Strachy Na Lachy zdefiniowały swoje brzmienie na debiutanckim albumie i pozostają mu wierne po dziś dzień. Grupa, która była kontynuacją kultowej Pidżamy Porno, z czasem stała się wiodącym zespołem dla jej lidera Krzysztofa Grabowskiego - autora przekonujących tekstów.
Na najnowszym albumie "Przechodzień o wschodzie" autor podejmuje cały wachlarz tematów. Obok miłosnych numerów, w których bardzo zręcznie operuje słowem, jak "Twoje motylki", "Nie zakochuj się w wietrze" czy "Obłąkany obłok" (duet z Kasią Golomską), mamy także wątki społeczno-polityczne ("Co się z nami stało", "Podziemne przejście").

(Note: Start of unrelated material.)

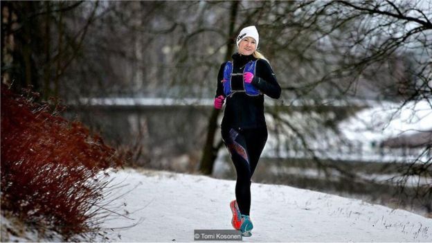 El sisu le permite a las personas ir más allá de lo que creían posible, pero también puede hacer que te quemes, dice Emilia Lahti, que aparece entrenando en esta foto.

Swoistą wiwisekcją jest numer "Nazywam się Grabowski", w którym słowami znużonego pięćdziesięciolatka autor śpiewa o tym, że nie ma zbyt wielu kumpli, a mecze już dawno ogląda sam. W innym tekście dodaje zaś: "Za starzy na fajki i kawę". Do twórczości Strachów wkradła się melancholia, choć wciąż nie brak tu piosenek o zgrabnej melodyce.
"Twoje motylki", "Katastrofa szczęścia", "Matka Boska", "Podziemne przejście" czy dancingowy "Krótki sznur" to świetne skrojone numery o dużym komercyjnym potencjale. Teraz oczekujemy na zapowiadaną płytę punkowej Pidżamy.